SUDDENLY BEING THE ONE OF THREE CAUCASIANS IN A CITY OF 300,000 TOTALLY HAS IT’S UPSIDES. I asked if he knew about me, and he said no, and then I was all OH LIKE DUH LOL because totally how many other foreigners ride this entire train line? Oh that’s right none.

Either way, I was really impressed that he went to all the trouble to catch up to me to return it, since I pedal out about a million miles per hour. Although later when I realized he was one of the three creepy guys who come to my station specially to smoke it was kind of.. strange, but he went really out of his way to return it which was really thoughtful, so you really can’t judge a person at all, I think!

FOR THE SAKE OF SPACE WE WILL SKIP THE 4 OTHER STORIES I HAVE OF ME LOSING DROPPING SCREWING THINGS UP AND BEING SAVED AND SUM IT UP WITH THIS

JAPANESE PEOPLE ARE REALLY CONSIDERATE AND I KIND OF LOVE THE WHOLE LOT OF THEM. This is not a comparison to any other nation or anything. It’s just that. Japanese people.
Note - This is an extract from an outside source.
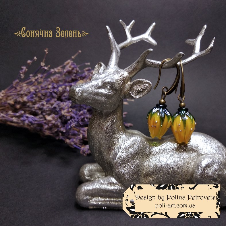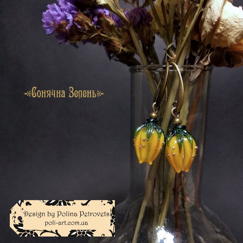 Introduction » За видами подарунків / виробів » Авторські прикраси » Сережки з лемпворком "Сонячна Зелень"

Near the end of the month, I went with my Host fam to make Soba noodles! Unsurprising ly, we ended up in a room full of old people, haha! And listened to greetings for about 20 minutes, you’d thing we were annexing a small country or something. Near the end, I’d kind of zoned off somewhere, but I caught the words ‘International…’ and tuned in right in time for a very poor English greeting. Which was hilarious. How thoughtful.

Either way, I mucked around in a bowl for a while and screwed around with a long pole like rolling thing, succeeding in making a whole bunch of itty bitty, sporadically shapped two inch long noodles…. [no one said I was any good, you know.] and we boiled and ate them on the spot. Weren’t too bad. Then Soba-Sensei then showed us the proper way and I left with a vague feeling that something had been done backwards….

OH MAN THIS JOURNAL HAS NO RHYME NOR REASON AND IF YOU MANAGED TO GET THROUGH ALL MY ENGLISH STARVED BABBLING, THEN CONGRATULATIONS! This isn’t obviously everything that happened but it’s already like, 5 pages, so I’ll desist.

Month….5 and a quarter, over and out!